**What to do:**
Can you transcribe the data exactly? Leave the pictures out.
Start of Records to use
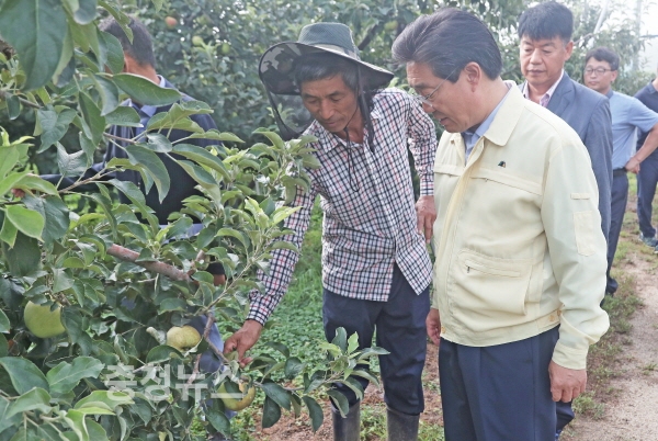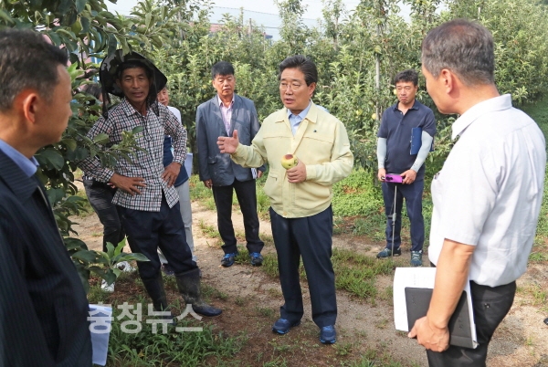 김홍장 당진시장이 10일 봄 냉해와 여름 가뭄으로 어려움을 겪고 있는 순성면 과수농가와 신평면 밭 농가를 방문해 피해현황을 직접 점검했다.
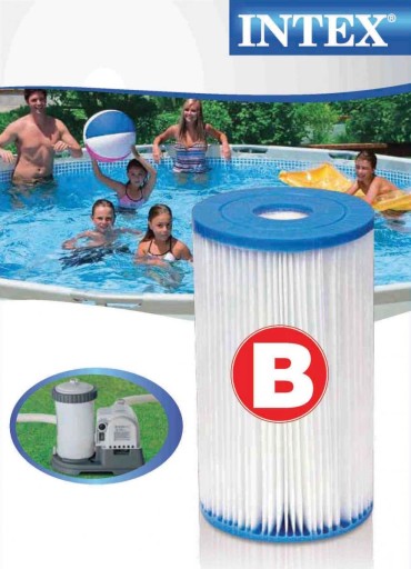 Jeżeli chcesz, by woda w twoim basenie pozostawała idealnie czysta pamiętaj o regularnej wymianie lub systematycznym czyszczeniu filtra. Najlepszym sprzymierzeńcem w walce z brudną wodą jest jej skuteczne filtrowanie. Wkłady filtracyjne papierowe należy wymieniać raz na 2-4 tygodnie. Filtr dakronowy INTEX typu B jest w stanie skutecznie filtrować wodę przez okres kilku miesięcy (czas użytkowania zależny jest od od stopnia zabrudzenia wody i częstotliwości korzystania z basenu). Można znacznie wydłużyć żywotność filtra dakronowego myjąc go przynajmniej raz w tygodniu wodą z węża ogrodowego pod wysokim ciśnieniem. Prawidłowo umyty filtr powinien być biały. Tą prostą czynnością można zadbać o jakość wody w basenie bez uszczuplania domowej skarbonki. Regularnie czyszczony filtr INTEX typu B pozwoli Ci cieszyć się czystą wodą w basenie przez znacznie dłuższy czas nawet przez cały sezon. Jeśli mimo to będą widoczne zabrudzenia to wtedy filtr należy wymienić na nowy.
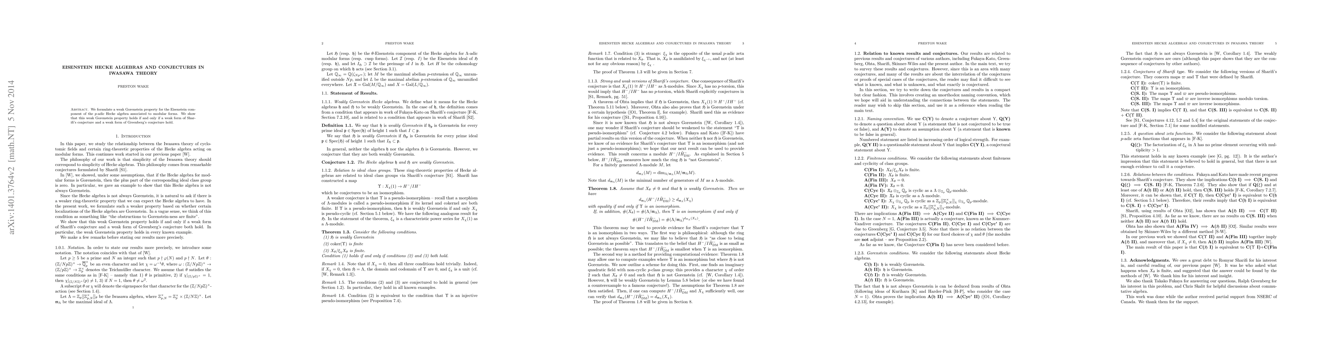 A research paper explores the relationship between Eisenstein Hecke algebras and conjectures in Iwasawa theory, showing that a weak Gorenstein property holds if and only if two related conjectures are true.
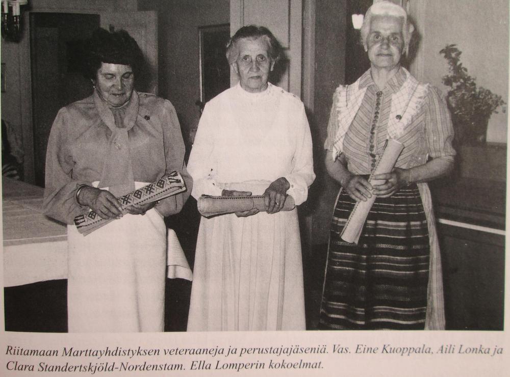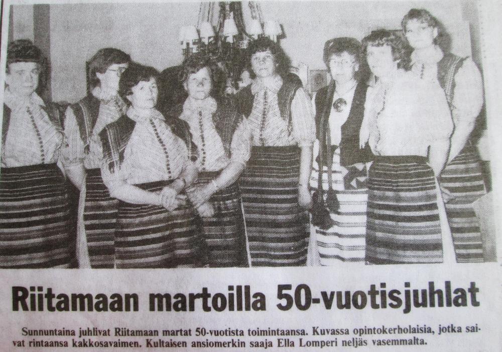 Ella Lomperi on ollut Riitamaan marttayhdistyksen kantavia voimia. Puheenjohtajakauden lisäksi hän toimi sihteerinä 35 vuotta ja myöskin piiriliiton hallituksessa. Juhlassa Ellalle luovutettiin kultainen ansiomerkki pitkästä työrupeamasta.
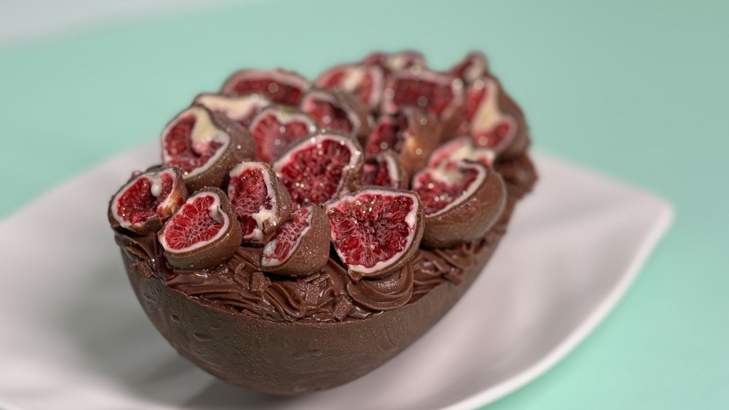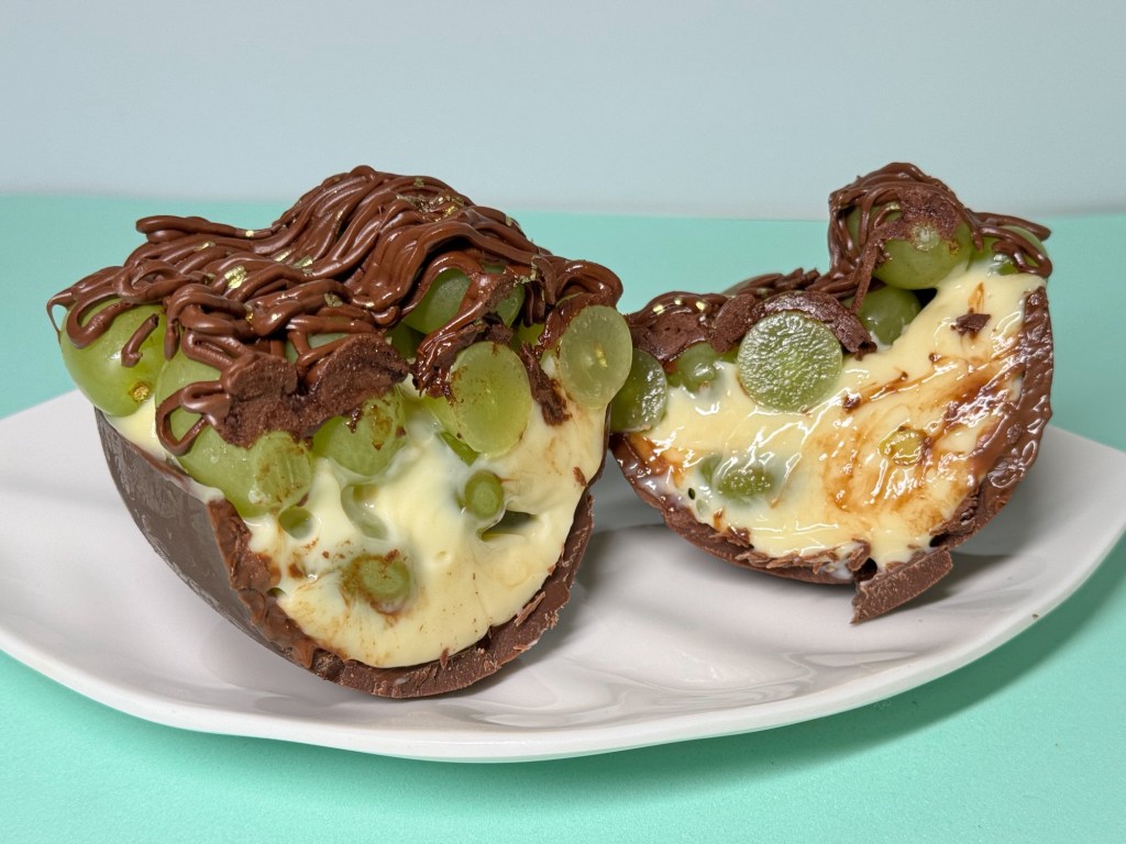 As meninas elaboraram um ovo gourmet que certamente será a sensação desta Páscoa de 2024. É o ovo Franuí, recheado com brigadeiro de ninho, geleia de framboesa e brigadeiro gourmet preto, decorado com o próprio Franuí e o glitter culinário, marca registrada delas.
End of Records to use
**Solution to the exercise:**
 김홍장 당진시장이 10일 봄 냉해와 여름 가뭄으로 어려움을 겪고 있는 순성면 과수농가와 신평면 밭 농가를 방문해 피해현황을 직접 점검했다.
 Jeżeli chcesz, by woda w twoim basenie pozostawała idealnie czysta pamiętaj o regularnej wymianie lub systematycznym czyszczeniu filtra. Najlepszym sprzymierzeńcem w walce z brudną wodą jest jej skuteczne filtrowanie. Wkłady filtracyjne papierowe należy wymieniać raz na 2-4 tygodnie. Filtr dakronowy INTEX typu B jest w stanie skutecznie filtrować wodę przez okres kilku miesięcy (czas użytkowania zależny jest od od stopnia zabrudzenia wody i częstotliwości korzystania z basenu). Można znacznie wydłużyć żywotność filtra dakronowego myjąc go przynajmniej raz w tygodniu wodą z węża ogrodowego pod wysokim ciśnieniem. Prawidłowo umyty filtr powinien być biały. Tą prostą czynnością można zadbać o jakość wody w basenie bez uszczuplania domowej skarbonki. Regularnie czyszczony filtr INTEX typu B pozwoli Ci cieszyć się czystą wodą w basenie przez znacznie dłuższy czas nawet przez cały sezon. Jeśli mimo to będą widoczne zabrudzenia to wtedy filtr należy wymienić na nowy.
 A research paper explores the relationship between Eisenstein Hecke algebras and conjectures in Iwasawa theory, showing that a weak Gorenstein property holds if and only if two related conjectures are true.
 Ella Lomperi on ollut Riitamaan marttayhdistyksen kantavia voimia. Puheenjohtajakauden lisäksi hän toimi sihteerinä 35 vuotta ja myöskin piiriliiton hallituksessa. Juhlassa Ellalle luovutettiin kultainen ansiomerkki pitkästä työrupeamasta.
 As meninas elaboraram um ovo gourmet que certamente será a sensação desta Páscoa de 2024. É o ovo Franuí, recheado com brigadeiro de ninho, geleia de framboesa e brigadeiro gourmet preto, decorado com o próprio Franuí e o glitter culinário, marca registrada delas.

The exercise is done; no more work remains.